Bolger faces a maximum penalty of 30 years in federal prison.

According to the plea agreement, in 2005, entities controlled by co-conspirators entered into a contract to purchase The Arbors, an apartment complex in Hillsborough County, Florida. The new owners of The Arbors then engaged in a plan to convert the complex from rental apartment units to condominium units. The developers financed their purchase of The Arbors with a loan from Corus Bank, a financial institution whose deposits were then insured by the FDIC.

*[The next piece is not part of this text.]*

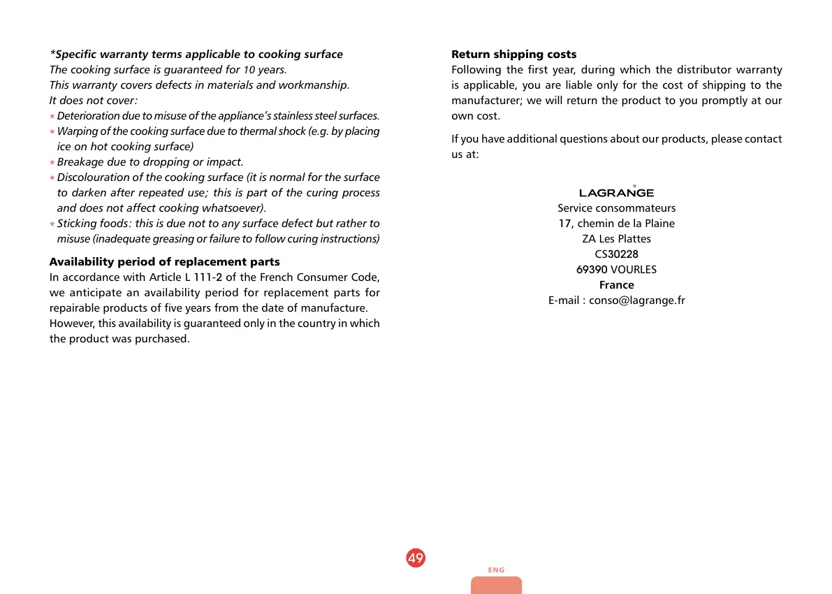 Deterioration due to misuse of the appliance’s stainless steel surfaces.
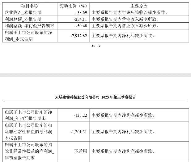 单看第三季度,天域生物营收为1.23亿元,同比下降38.69%;归母净利润为-1242.9万元,同比暴跌7912.82%;扣非净利润为-1485.61万元,同比暴跌1201.31%。

The loan agreement imposed strict conditions upon the timing of the conversion process. It required that the developers could not file a Declaration of Condominium or close on any condominium unit unless they had sales on 80 units and closed on all of them within 45 days of the closing on the sale of the first condominium unit. The Corus loan agreement also specified that Corus was to receive 100% of the net proceeds of the sale of the first 80 units and that all of these events had to occur within one year of the loan agreement. The Corus loan agreement also set forth substantial financial penalties for the developers if they failed to satisfy these requirements.

Bolger aided the developers in the sale of numerous condominium units at The Arbors through his company, Capital Management Guarantee, LLC. In order to induce buyers to purchase units at The Arbors, Bolger created an addendum to the purchase contract that offered buyers various incentives such as rental supplements, money to defray maintenance costs and a design credit to upgrade the unit’s amenities.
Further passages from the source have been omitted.